Klar: Es geht um das Ich. Aber wer ist das, das Ich? Muriel - 16, blond, attraktiv und sportlich-dynamisch, aber wie fast alle Mädchen ihres Alters voller Selbstzweifel und Sehnsucht nach Sinn, Sex und einem aufregenden Lebensentwurf - kommt am Ende ihrer einstündigen Suche nach diesem Ich zu dem Schluss: "Ich bin Facebook, ich bin Twitter, ich bin U-Bahn, ich bin Deutschland, ich bin Muschi, ich bin Hunger. Ich bin Durst. Und Zweifel. Ich bin Prüfung, ich bin Abi, ich bin Shoppen, ich bin Dickmanns, ich bin Kleidung, ich bin Warten. Ich bin hier. Ich bin ich. Und der ganze Zweifel, der geht jetzt einmal um den Block."

Sie geht also gut aus, die Junge Oper "Neumond" der italienischen Komponistin Lucia Ronchetti und des Dramatikers Kristo Sagor, deren Uraufführung jetzt beim Mannheimer Mozartsommer im Studio Werkhaus über die Bühne ging. Muriel schickt ihre Zweifel an sich und dem Leben einfach weg. Das Licht geht aus. Die Oper bricht ab. Der Optimist denkt: Sie wird ihren Weg schon finden, diese Muriel.

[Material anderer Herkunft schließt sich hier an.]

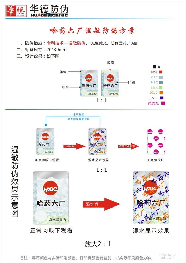 哈药六厂防伪标签方案采用我公司**湿敏防伪技术,此技术拥有以下特性:

Banal? Auf den ersten Blick vielleicht ein bisschen; und tatsächlich blitzt der Widerspruch hier immer wieder auf, dass eine hochartifizielle Misch-Musik auf schnöde Umgangssprache und unpoetische Inhalte trifft, was mitunter befremdlich wirken kann - aber nicht muss.

Variation der "Zauberflöte"

Aber: Ronchetti geht musikalisch sehr klug vor. Wie sie ihre zeitgenössischen Klänge eines meist freien atonalen Satzes postmodern mit Zitaten aus Mozarts "Zauberflöte" spickt, ist genau so gekonnt und überzeugend wie der Spagat zwischen alltäglicher Sprech- und operabler Singstimme, die sie fordert und die besonders an den Übergängen vom einen zum anderen fasziniert.

Es ist ein Parallelogramm, das Sagor und Ronchetti auf die Bühne bringen. Der Konflikt von Muriel zu ihrer Mutter ist - nach dem Vorbild der Königin der Nacht und Pamina - der eine Strang, der andere Muriels körperliche Begierde, die mal zum Streber Jasper hinüberschwappt, der Wissenschaftsjournalist werden will, dann aber wieder zu dessen Gegenpol Frederik, der eher der sportlich-legere Typ ist, die Schule abbrechen und Schwimmer werden will. Regisseur Christian Bade tut gut daran, sich vollkommen auf den Kern des Werks zu konzentrieren. Die psychologische Struktur ist für ihn Ausdruck genug, auch die Bühne von Alexander Lintl ist, bis auf ein Rund mit Mondkrater-Bildern, kahl und kalt wie die Nacht bei "Neumond" - eine rundum gelungene Inszenierung.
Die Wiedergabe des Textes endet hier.